I think of an achingly attractive black woman I found I couldn’t have a relationship with 20 years ago partly because she, even with a college education, found homosexuality so alien that she couldn’t make peace with the fact that I, as someone who did a lot of theater at the time, had some gay male and female friends.

Or the working-class black man I know who was given such a hard time by black kids in his neighborhood for effeminacy that he sheltered himself in a deeply conservative religion he wasn’t even raised with—which, because it condemns homosexuality, has left him with no choice but to either leave a religious community that provides him with most of his social life or to be a lifelong celibate. He has made the latter choice, and feels eternally stalled and lonely.

No, no, no—this will not do.

So often it’s the ones ranting against homosexuality (or any number of other things) who turn out to be working out for themselves a predilection for same (The Root has a piece on this). I’ll never forget a guy in college who seemed almost fixated on claims that every second man we all knew was secretly gay—and wouldn’t you know he was the one who fell in love with a man in grad school to the fury of the woman he was engaged to.

Long, one highly suspects, is guilty. And there is so much more. That there are four accusers instead of one is just the beginning. His announcement last Sunday that he intends to fight the charges was tellingly vague: “I’m not a perfect man,” he repeated. Well, why that little qualifier? “But this ... I’m gon’ fight” he said—a little hazy, that this. You couldn’t miss also the unsteady gaze.

At this point, whatever “fight” Long comes up with—the best possible outcome imaginable is that he tries to get by with some kind of “I’m not really gay” explanation based on, shall we say, “Tis better to give than to receive”—these revelations will stick to him forever.

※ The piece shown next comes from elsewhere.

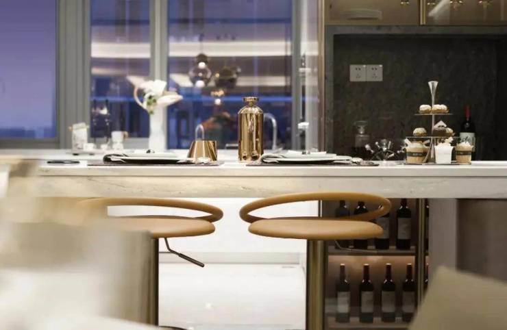在美食区,白金沙天然石材打造的岛台,兼顾了颜值与实用性。在岛台的后面和对面,还有丰富的储物空间可以使用。这个300方空间整体非常方正,通透。南向面宽更是达到了阔绰的约16.2米,再加上全落地玻璃的设计,十分敞亮大气。顺着窗外望去,不远处的运河亚运公园更是能尽收眼底。

They will be his legacy, in the same way that Larry Craig will always be known for the bathroom episode despite his clunky denials (not just the wide stance thing, but “I don’t do things like that,” betraying a certain preset consciousness of the “things” in question).

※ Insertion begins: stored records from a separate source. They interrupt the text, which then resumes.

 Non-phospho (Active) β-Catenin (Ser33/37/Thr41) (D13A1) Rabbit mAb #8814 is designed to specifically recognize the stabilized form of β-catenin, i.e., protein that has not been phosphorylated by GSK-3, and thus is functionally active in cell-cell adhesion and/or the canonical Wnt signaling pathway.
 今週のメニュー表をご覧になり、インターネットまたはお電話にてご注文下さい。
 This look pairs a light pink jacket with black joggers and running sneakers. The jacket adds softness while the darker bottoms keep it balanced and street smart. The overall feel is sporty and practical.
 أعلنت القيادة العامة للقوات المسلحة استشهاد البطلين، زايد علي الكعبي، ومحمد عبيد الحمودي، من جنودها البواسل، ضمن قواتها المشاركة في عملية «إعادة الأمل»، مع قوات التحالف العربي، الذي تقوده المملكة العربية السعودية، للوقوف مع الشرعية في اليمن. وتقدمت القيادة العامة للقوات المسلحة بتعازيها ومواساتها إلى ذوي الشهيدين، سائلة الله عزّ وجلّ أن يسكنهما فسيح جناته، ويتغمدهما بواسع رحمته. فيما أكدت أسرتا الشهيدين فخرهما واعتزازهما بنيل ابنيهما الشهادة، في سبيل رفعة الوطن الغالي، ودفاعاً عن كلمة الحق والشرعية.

Eddie Long would do himself and his own race a massive favor if he, shall we say, had a conversion here. “Got the call,” to put it in language familiar in his realm. He should openly admit what he did, disavow his antigay positions, and serve as a beacon to a black community that needs to get beyond an unthinking prejudice especially unseemly in a group positioning itself as a standard-bearer of America’s moral advancement.

He should get with the times—as the NAACP has, with Benjamin Jealous announcing an upcoming “One Nation Working Together” march with gay and transgender groups. America becomes ever more open to gay marriages. “Don’t Ask, Don’t Tell” is doing a slow fade. Ever more celebrities are coming out with no detriment to their careers. Call it a new kind of New Birth.

Long likely fears how many parishioners would desert him. Plenty would. However, let’s face it – these people would be the equivalents to the hold-outs against Civil Rights, the people on the sidelines in the photos of Little Rock, the people on Mad Men making casually dismissive comments about the Freedom struggle. Perhaps Long could think about what he would leave behind—or about his afterlife. People change. Leaders help them do it.

Eddie Long could, right now, become a great man. It would be a small thing indeed for him to cave in and “fight” rather than seek the higher wisdom of acceptance—of himself and so very many other souls.